Bertilimumab

Monoclonal antibody
- Type: Whole antibody
- Source: Human
- Target: CCL11 (eotaxin-1)

Clinical data
- ATC code: none;

Identifiers
- CAS Number: 375348-49-5;
- ChemSpider: none;
- UNII: 60879E4NED;

= Bertilimumab =

Chemical compound

Bertilimumab is a human monoclonal antibody that binds to eotaxin-1, an important regulator of overall eosinophil function.

It was discovered by Cambridge Antibody Technology using their phage display technology. Named CAT-213 during early discovery and development by CAT, it was to be used to treat severe allergic disorders.

In January 2007, CAT licensed the drug for treatment of allergy disorders to iCo Therapeutics Inc. iCo Therapeutics Inc. is a Vancouver-based reprofiling company focused on redosing or reformulating drugs with clinical history for new or expanded indications - a so-called 'search and development company'.

iCo Therapeutics Inc. renamed the drug from CAT-213 to iCo-008 and, at that stage, planned to initiate a Phase II clinical trial in patients with vernal keratoconjunctivitis.

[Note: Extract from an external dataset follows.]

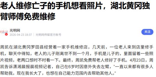 4月23日,湖北黄冈,一位老人拿着离世仅21天儿子的旧手机,蹒跚来到手机店请求维修。只有一只手的店主接过一看,竟是老款机型,足足费力拆装了一个多小时才修好。本以为要花不少钱,结果当他听到老人的一句话后,结账时,店主一个举动让老人当场红了眼眶! 说白了,这世上最动人的从来不是惊天动地的壮举,而是普通人在自己难上加难时,还愿意伸手接住别人的破碎,用一点点善意,撑起另一个人的希望。 4月23日的湖北黄冈,街头的行人步履匆匆,唯独一位老人的身影,显得格外沉重又孤单,他头发花白,满脸皱纹,步履蹒跚地挪动着脚步,每走一步都有些吃力,手里紧紧攥着一个用旧手帕层层包裹的东西,仿佛那是他失而复得的珍宝。 老人慢慢走到一家不起眼的手机维修店前,犹豫了许久,才轻轻推开那扇半掩的玻璃门,声音沙哑又微弱地问道:“师傅,能帮我修修手机吗?” 店里的店主闻声抬头,他只有一只手,另一只手臂的袖管空荡荡的,脸上带着几分温和的笑意,连忙起身招呼老人坐下,语气亲切得像对待自己的长辈。 店主接过老人小心翼翼递来的手机,拆开旧手帕的瞬间,就看出这是一部用了好几年的老款机型,机身边角早已被磨得发亮,还有几处明显的磕碰痕迹,屏幕也有些发黄,一看就用了很多年,他试着按了一下开机键,手机毫无反应,连一点灯光都不亮。 店主没有多说,拿出维修工具,用仅有的一只手,慢慢拆开手机后盖,因为只有一只手,操作起来格外费力。 他额头上渗出的细密汗珠,顺着脸颊慢慢滑落,浸湿了衣领,也没有停下手中的动作,一遍遍地检查线路、测试零件,拆装的动作虽然缓慢,却格外认真细致,每一个步骤都小心翼翼,生怕出一点差错。 就这样,足足过去了一个多小时,店主的手酸得抬不起来,肩膀也被顶得有些发麻,才终于把手机修好了,按下开机键的那一刻,手机屏幕顺利亮起,里面的照片和语音都完好无损。 老人看着亮起的手机,浑浊的眼睛里瞬间泛起了光,连忙凑过去,手指颤抖着划过屏幕,看着上面儿子的照片,嘴唇不停蠕动,却一句话也说不出来。 他缓了缓神,才想起要问维修费,脸上带着几分局促和不安,小声问道:“师傅,麻烦你了,这修手机要多少钱?我身上带的钱不多,要是不够,我再回去凑。” 店主看着老人的模样,轻声问道:“大爷,这手机对你这么重要,是家里人用的吗?”老人听到这话,眼泪瞬间就掉了下来,哽咽着说:“这是我儿子的手机,他21天前走了,这是他留给我唯一的念想,里面有他的照片和声音,我就是想再看看他、听听他的声音。” 店主听完老人的话,沉默了片刻,随即轻轻摆了摆手,用一口地道的黄冈话说道:“拿去,算了,不要钱。”老人愣了一下,以为自己听错了,连忙说道:“那怎么行?你修了这么久,费了这么大劲,怎么能不收钱?” 店主笑着摇了摇头,语气坚定地说:“没事,大爷,赶紧拿去,好好保存着,能帮你守住这份念想,就不算白忙活。” 老人看着店主空荡荡的袖管,又看了看他脸上温和的笑容,想到自己刚才的局促,再想到店主的善意,眼泪再也忍不住,当场红了眼眶,双手紧紧握住店主的一只手,一遍遍地说着“谢谢”,声音哽咽得几乎说不完整一句话。 店主轻轻拍了拍老人的手背,安慰了几句,看着老人小心翼翼地揣好手机,蹒跚着离开店铺,才缓缓坐回座位上,揉了揉发酸的右手。 这件事被传到网上后,很快就引发了网友的热议,有网友评论说:“自己淋过雨,还想着给别人打伞,独臂店主太善良了,这份善意太动人了”。 还有网友说:“老人的念想,店主的善意,都是这世间最温暖的光,愿每一份思念都能被温柔守护”。 也有网友说:“平凡人的善意,往往最能戳中人心,这才是最动人的人间温情”。 其实,我们的生活中,从来都不缺少这样的善意,店主没有惊天动地的壮举,只是用自己仅有的一只手,花费一个多小时,守住了一位老人最后的念想,用一份无偿的善意,温暖了一颗破碎的心。 他自己的日子也不算宽裕,却依然愿意伸出援手,这份善良,无关贫富,无关身份,只是刻在骨子里的温柔,愿我们都能被这样的善意温暖,也能成为传递善意的人,让每一份思念都有归处,让每一份善意都能照亮前行的路。 不知道屏幕前的你,看完这个故事,有没有被这份善意打动?欢迎在评论区说出你的感受。

In March 2008, iCo announced iCo-008 had been in 126 patients in Phase I and II clinical trials. The drug substance had been manufactured by Lonza, in its cGMP facilities in Slough, UK. Subsequently, iCo moved the drug substance to a fill-finish site for the final stage of manufacturing. iCo reported that the iCo-008 drug product was within specifications and contained a high antibody yield.